Set down the final stretch of the data, from the line that holds "Kiss Press On" through the last line, both included, with pictures left out.

(Extracted material)

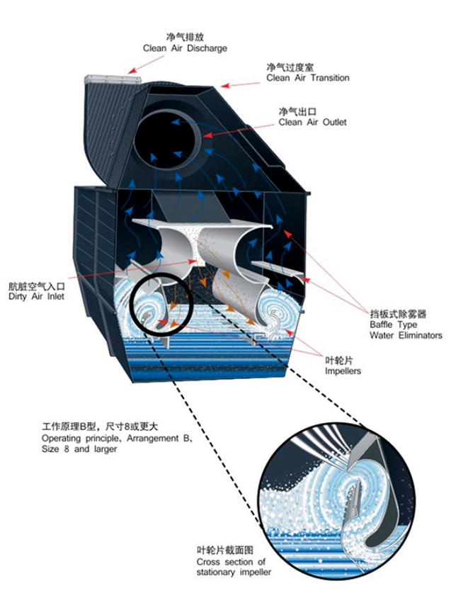 (2)靈活性:如需要調整收塵效率,可通過調整水位,同時相應調整排氣風機的規格,就可以使收塵效率增加或者降低。精心設計的葉輪片可產生較高的壓降和較高的氣流速度來增加收塵效率。
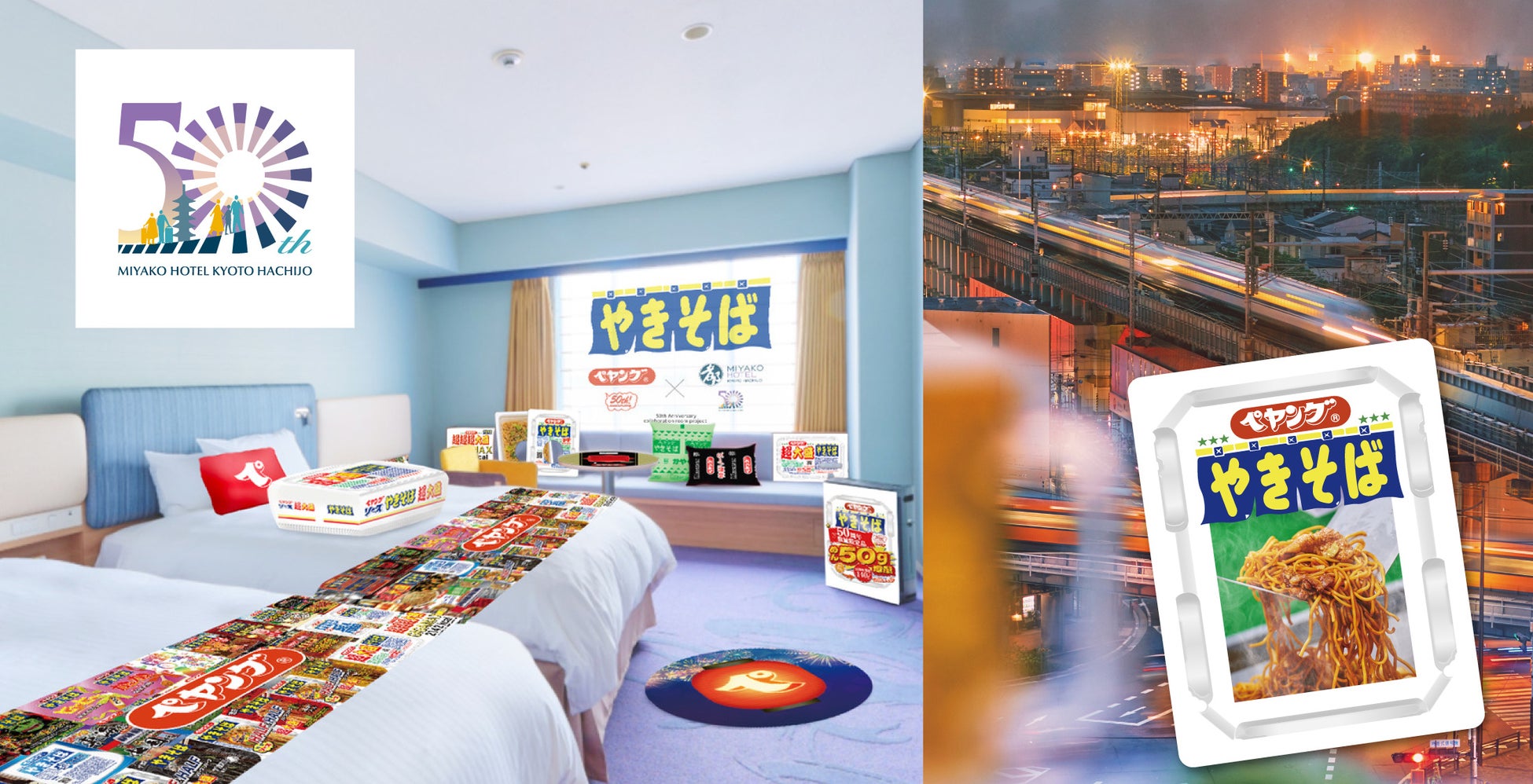 2025年3月に開業50周年を迎えた都ホテル 京都八条(所在地:京都市南区西九条院町17)は、同じく販売50周年を迎えた「ペヤングソースやきそば」とのコラボルームを販売します。また、ペヤングのソースを使用した焼きそばを屋上「スカイビアガーデン」にて提供します。
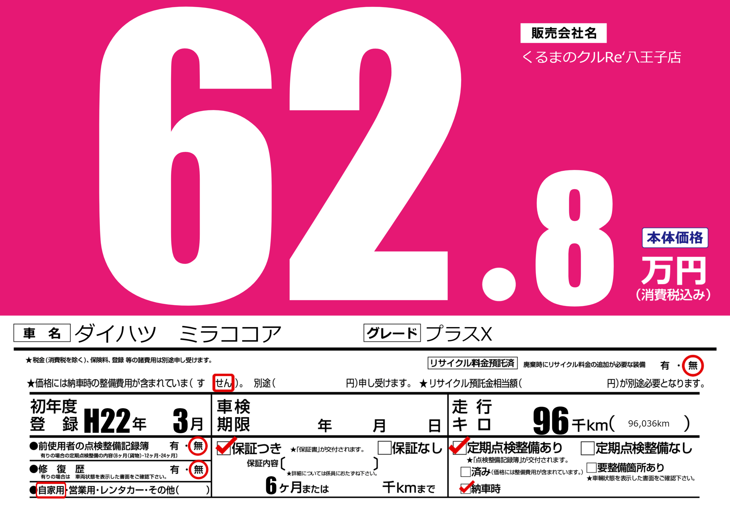 | 走行キロ | 9.6万km | 初年度登録 | H22年3月 |
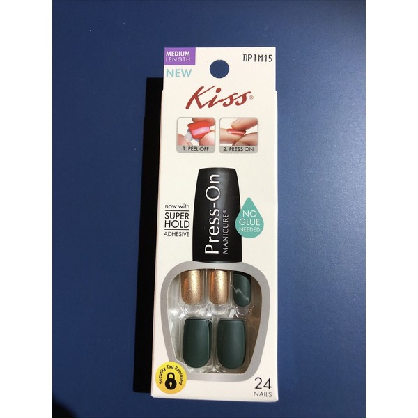 Kiss Press On Nails , Hunter Green & Matte Gold MED Length
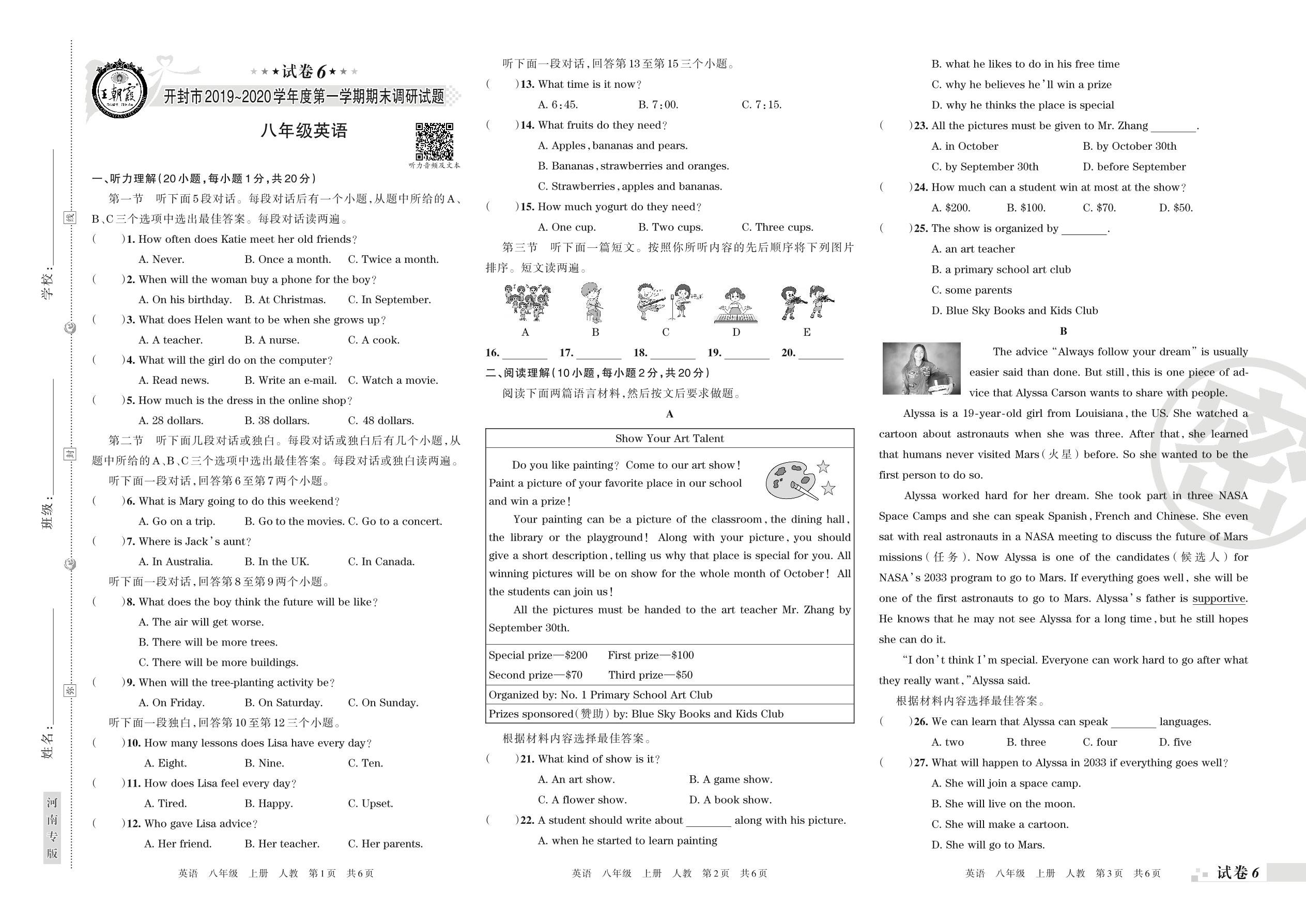 2019-2020学年第一学期开封市八年级英语试卷(人教版)【6】
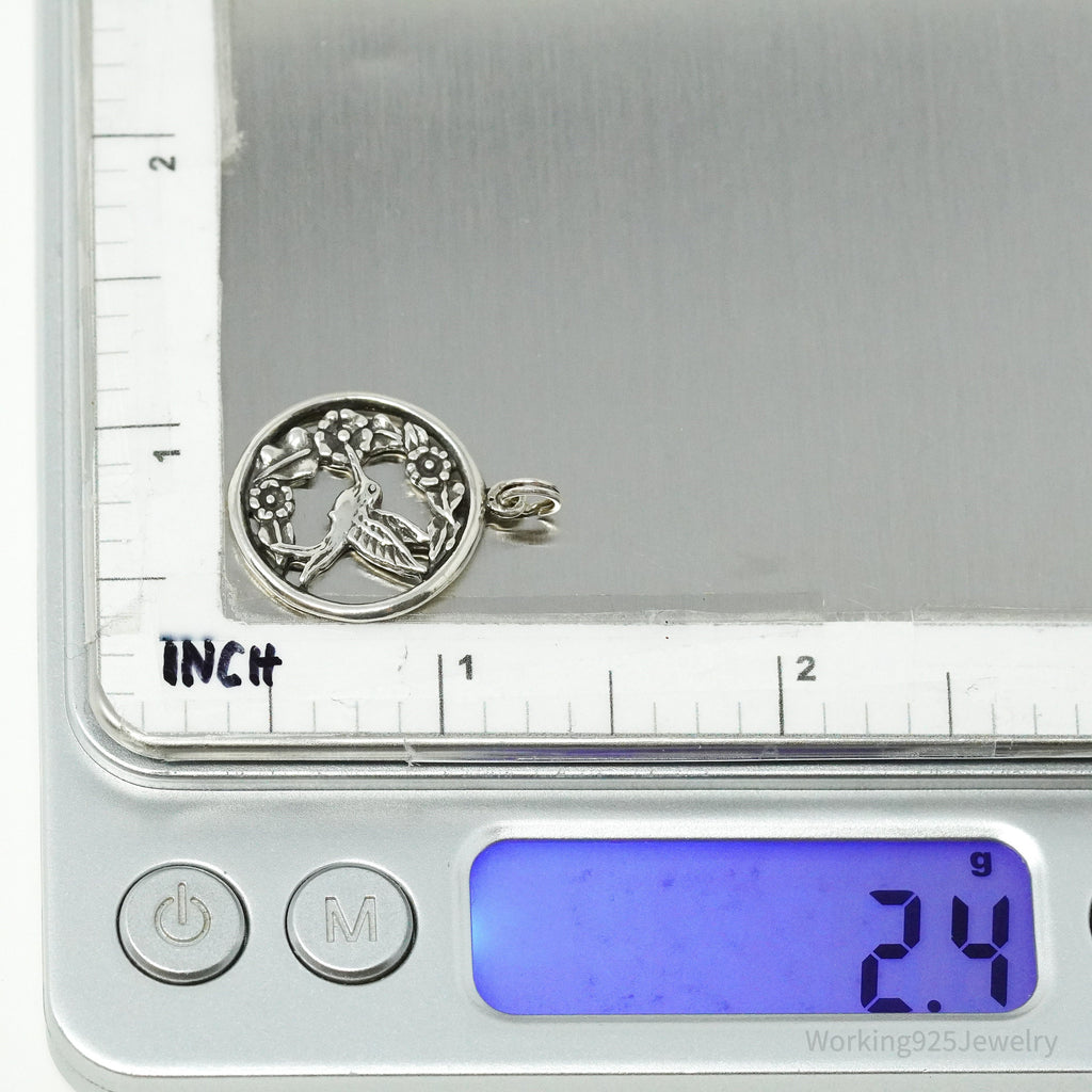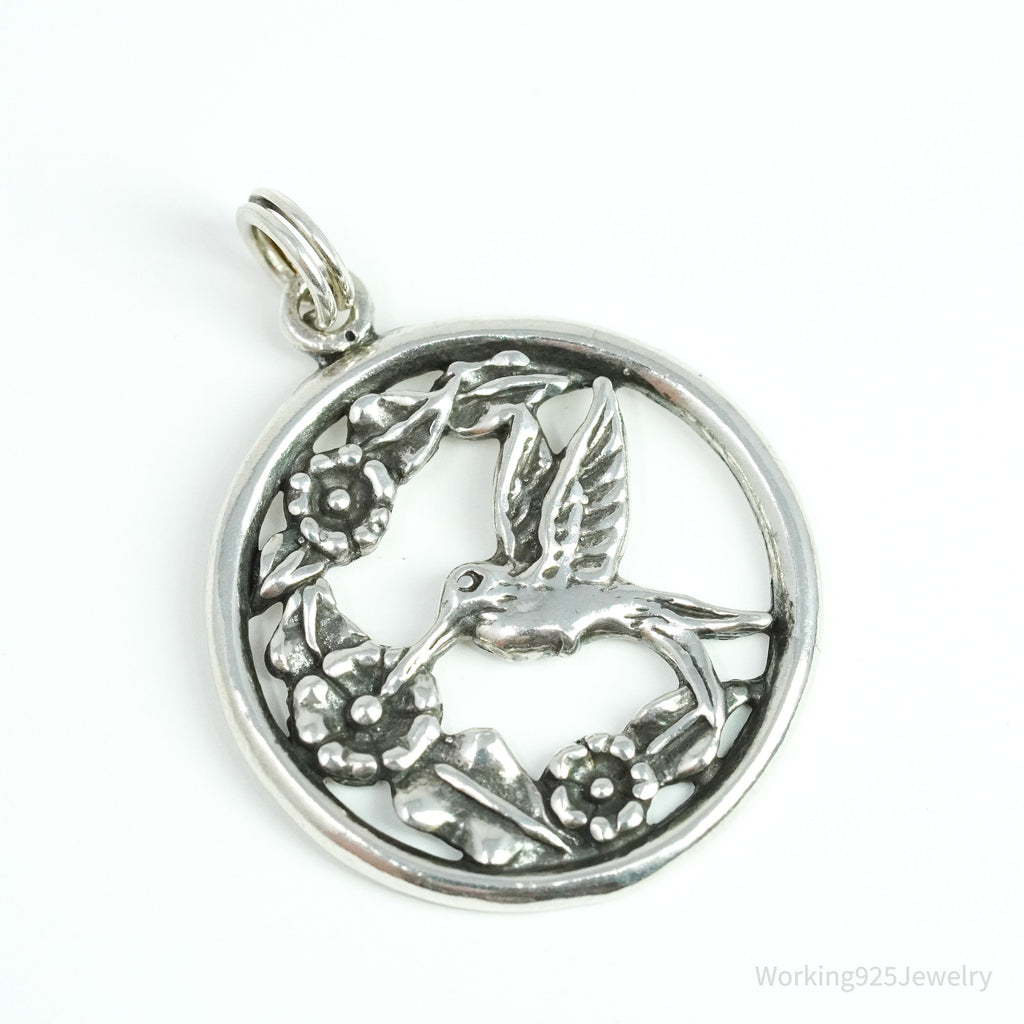 Vintage Hummingbird & Flowers Sterling Silver Charm Pendant

(End Extracted material)

» **Written response**:
 Kiss Press On Nails , Hunter Green & Matte Gold MED Length
 2019-2020学年第一学期开封市八年级英语试卷(人教版)【6】
 Vintage Hummingbird & Flowers Sterling Silver Charm Pendant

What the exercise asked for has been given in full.